What is the nth term of 3 8 13 18 23?
Un = 5n - 2
What is the nth term for the sequences 7 13 19 25?
The nth term is 6n+1 and so the next term will be 31
What is the nth term 9 13 17 21?
It is 4n+5 and so the next term will be 25
what is the nth term of 13, 16, 19, 22?
The nth term of an arithmetic sequence is given by. an = a + (n – 1)d. The number d is called the common difference because any two consecutive terms of an. arithmetic sequence differ by d, and it is found by subtracting any pair of terms an and. an+1.
What is the nth term of the sequence 13 17 21 25 29?
The given sequence is an arithmetic sequence where each term increases by 4. The first term (a) is 13, and the common difference (d) is 4. The nth term can be found using the formula: ( a_n = a + (n-1)d ). Therefore, the nth term is ( a_n = 13 + (n-1) \cdot 4 = 4n + 9 ).

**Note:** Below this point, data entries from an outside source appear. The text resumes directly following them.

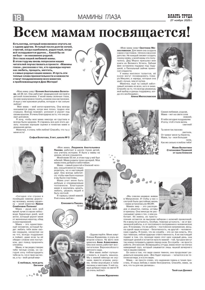 Доброе утро, друзья! Сегодня — особенный день. День мамы Вы еще не поздравили своего самого близкого и родного человека? Так сделайте это поскорее! И посмотрите, как это сделали читатели "Власти труда" на страницах газеты.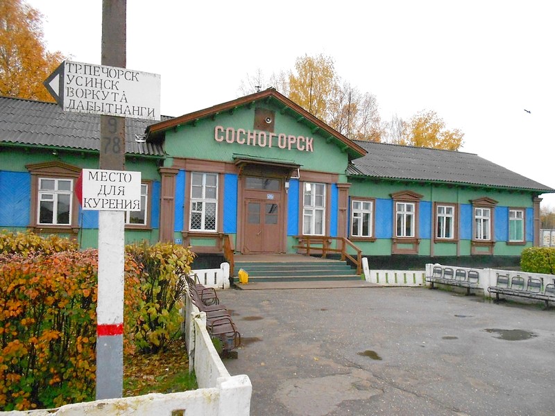 Сосногорск. Я был уверен, что деревянный вокзал эпохи строительства Печорской магистрали, памятный по поездкам 1997 года и 2000 года - давно снесён. Оказывается, нет, он "живее всех живых"!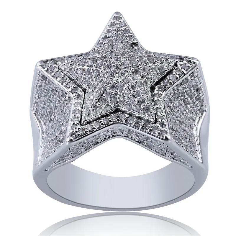 OMYFUN Gold Filled Star Ring Hip Hop Ring Luxury Hiphop Men Jewelry CZ Paved Bling Rings Rappers' P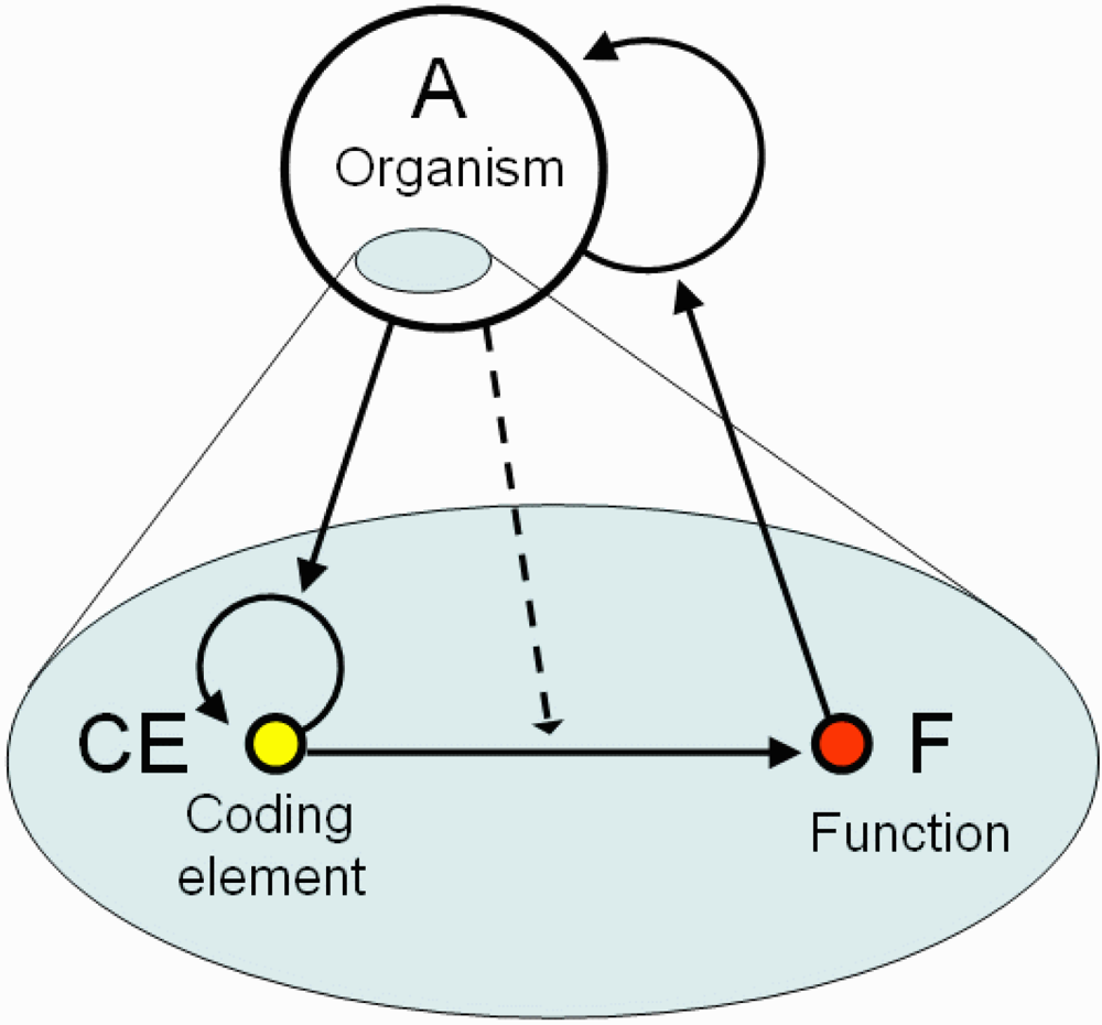 Components of the coding relation. Coding element, CE, encodes function, F, which enhances survival and reproduction of organism, A; autocatalysis of CE is mediated by A.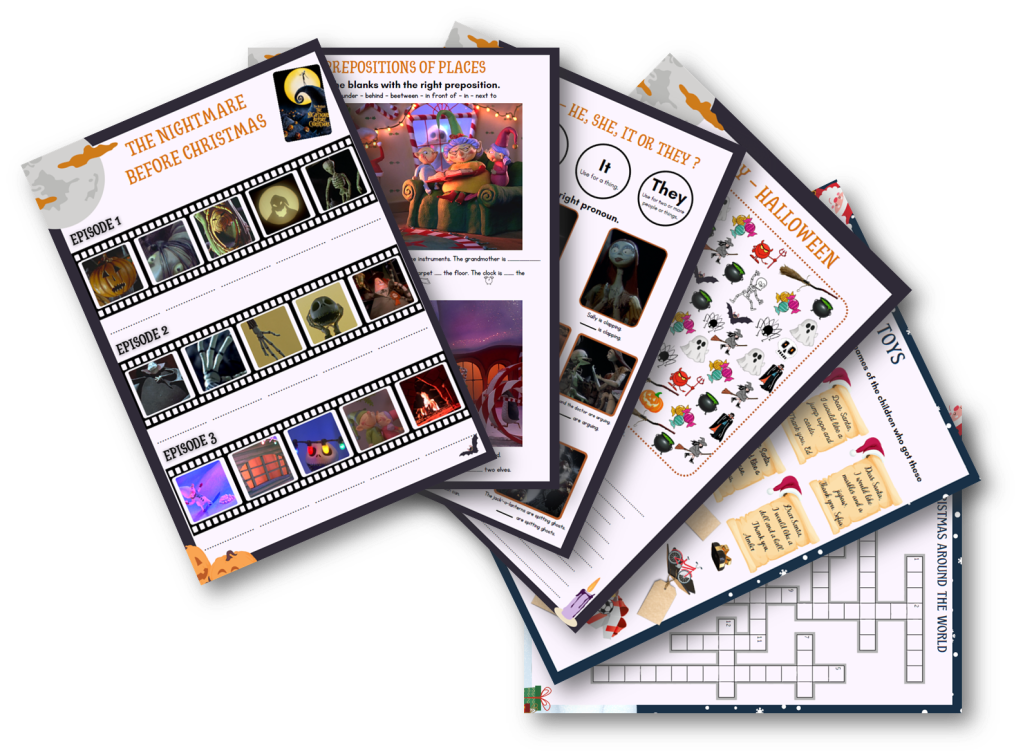 Ce film est l’occasion parfaite d’aborder les fêtes traditionnelles d’Halloween et de Noël. Je travaille également les pronoms ainsi que les prépositions de lieux.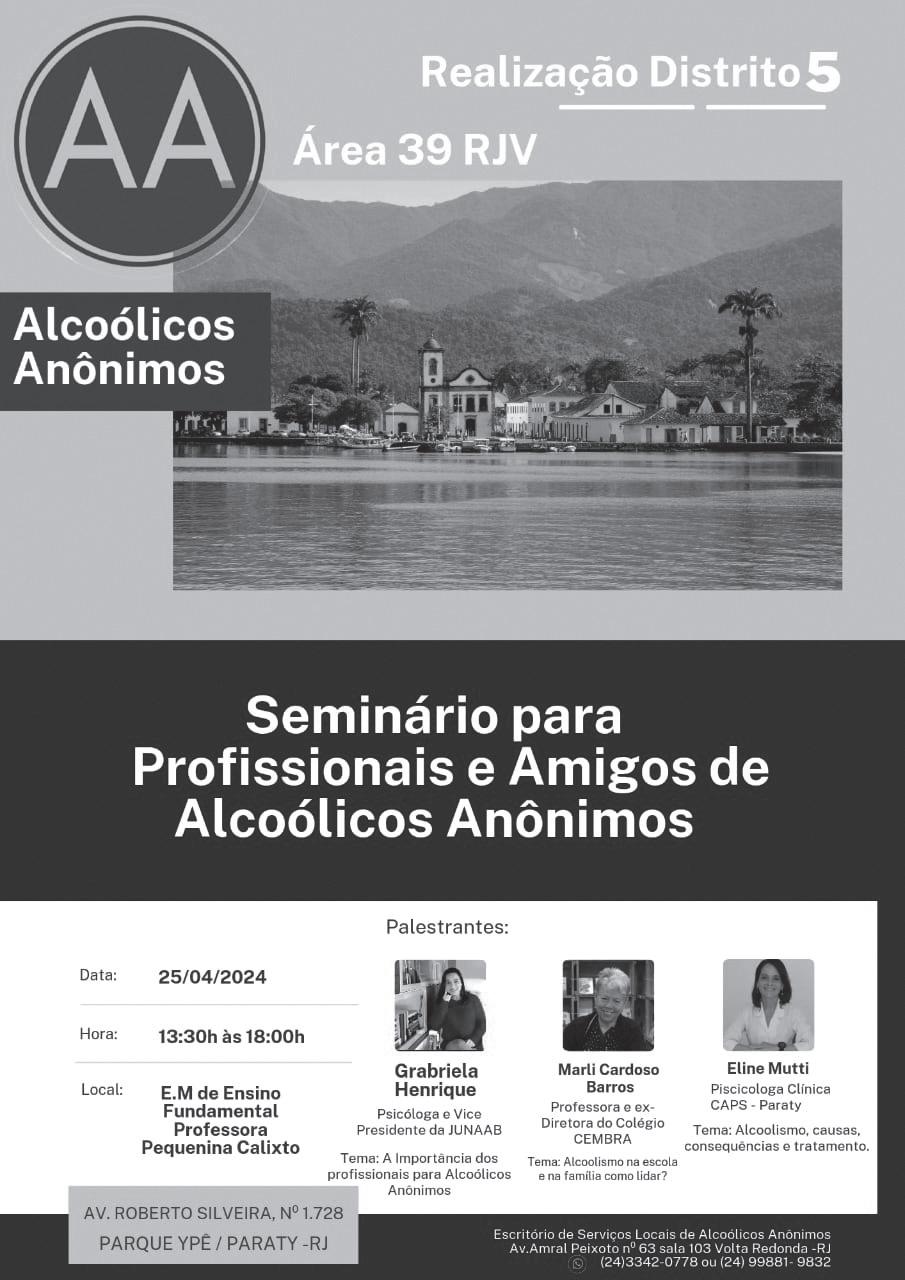 O 5º Distrito de Alcoólicos Anônimos (AA), da área 39RJV, promove nesta quinta-feira (25) um seminário voltado para profissionais e amigos de alcoolistas. O evento, que acontece na Escola Municipal Professora Pequenina Calixto, tem por objetivo fornecer uma visão clara e completa da instituição e de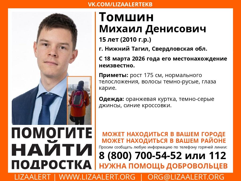 Поисковый отряд «ЛизаАлерт» проводит поиски 15-летнего Михаила Томшина, который пропал в Нижнем Тагиле 18 марта 2026 года.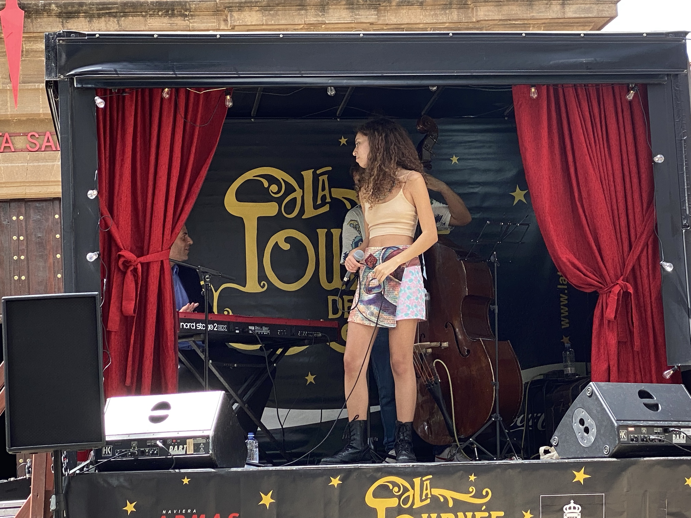 På torget i Galdar höll Gabriela Suarez en konsert. Det stod en vakt vid varje ingång, biljetterna var slutsålda men de flesta stolarna var tomma, så en vakt var snäll och släppte in oss.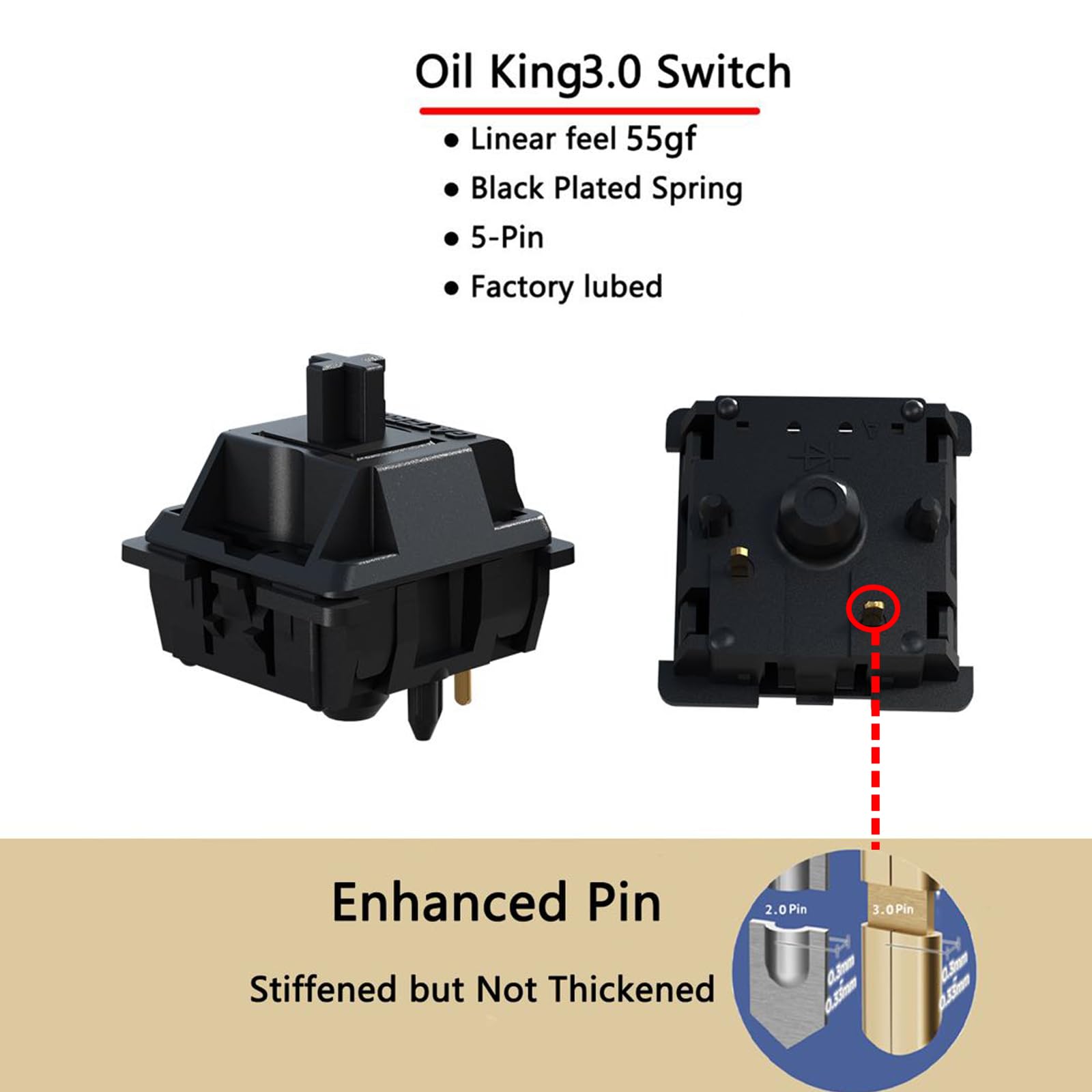 [特徴]:2.0バージョンと比較して、オイルキング3.0スイッチは、トリプル強化ピン設計で、簡単に曲がらない、スイッチの安定性と寿命を向上させ、硬いですが、厚くなっていない;酸化を拒否するために、オリジナルの合金接点とブラックメッキスプリングを採用し、最大8000万回の機械的寿命。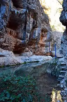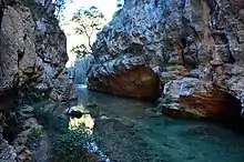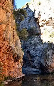 - Detalle de la entrada a los Estrechos del Cañamar, Ruta de los Estrechos del Ebrón, en Tormón (Teruel).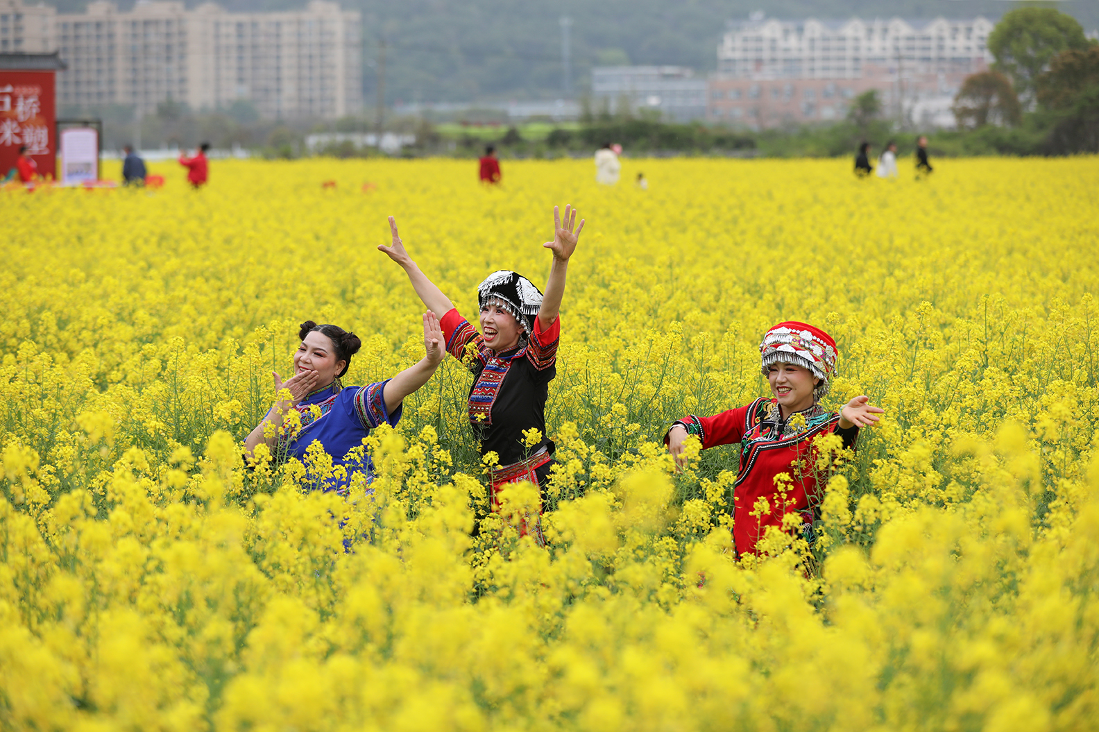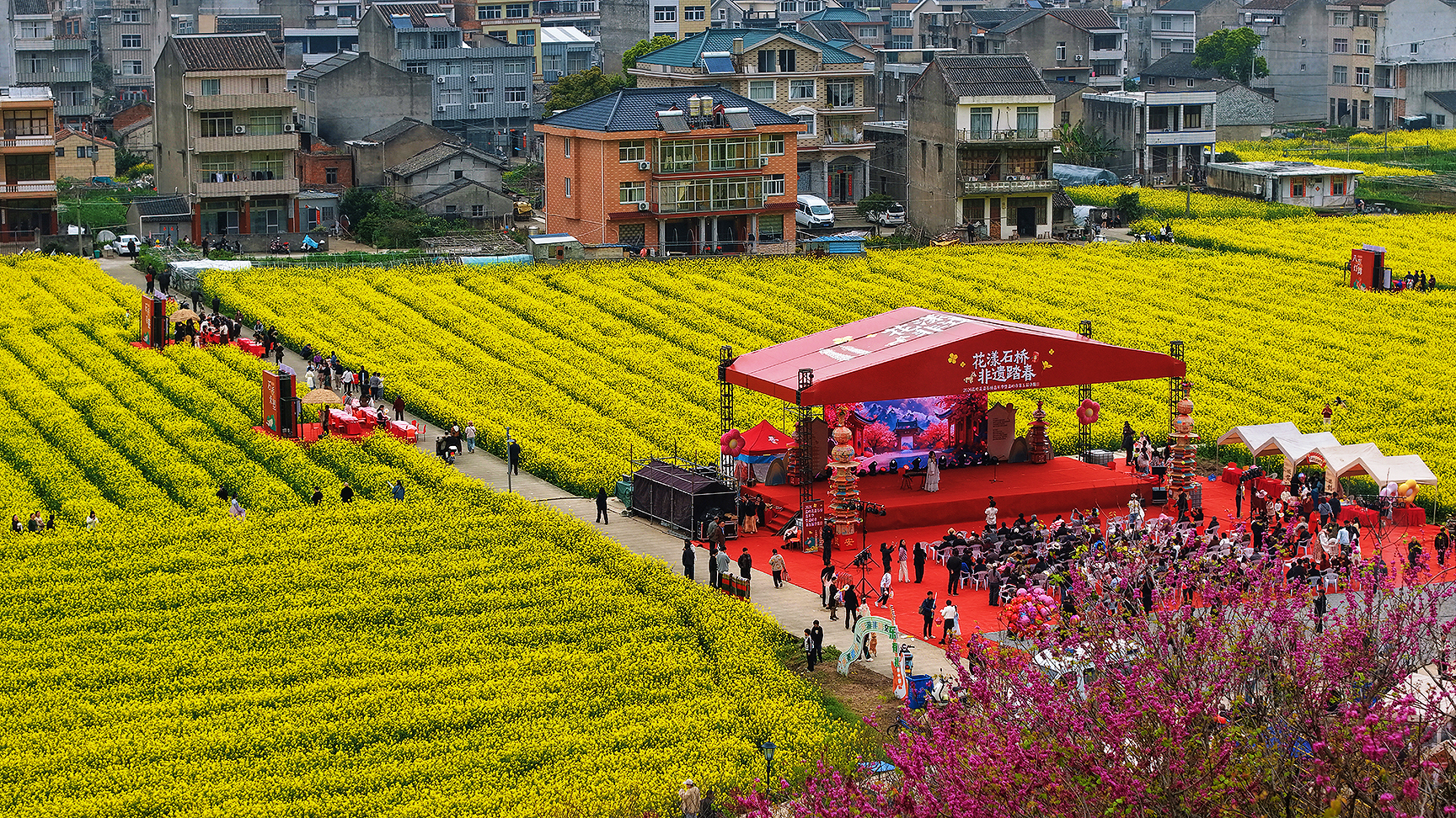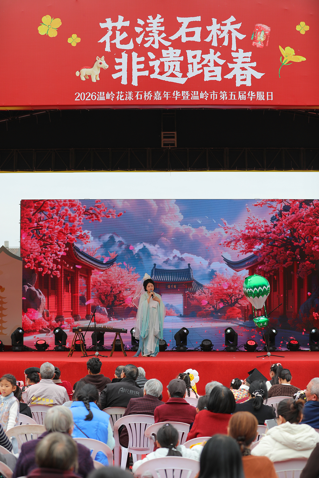花样石桥非遗踏春。于温岭市下宅金村。

What is the nth term for 1 7 13 19?
The given sequence is an arithmetic sequence with a common difference of 6. To find the nth term of this sequence, we can use the following formula: nth term = first term + (n - 1) x common difference where n is the position of the term we want to find. In this sequence, the first term is 1 and the common difference is 6. Substituting these values into the formula, we get: nth term = 1 + (n - 1) x 6 nth term = 1 + 6n - 6 nth term = 6n - 5 Therefore, the nth term of the sequence 1, 7, 13, 19 is given by the formula 6n - 5.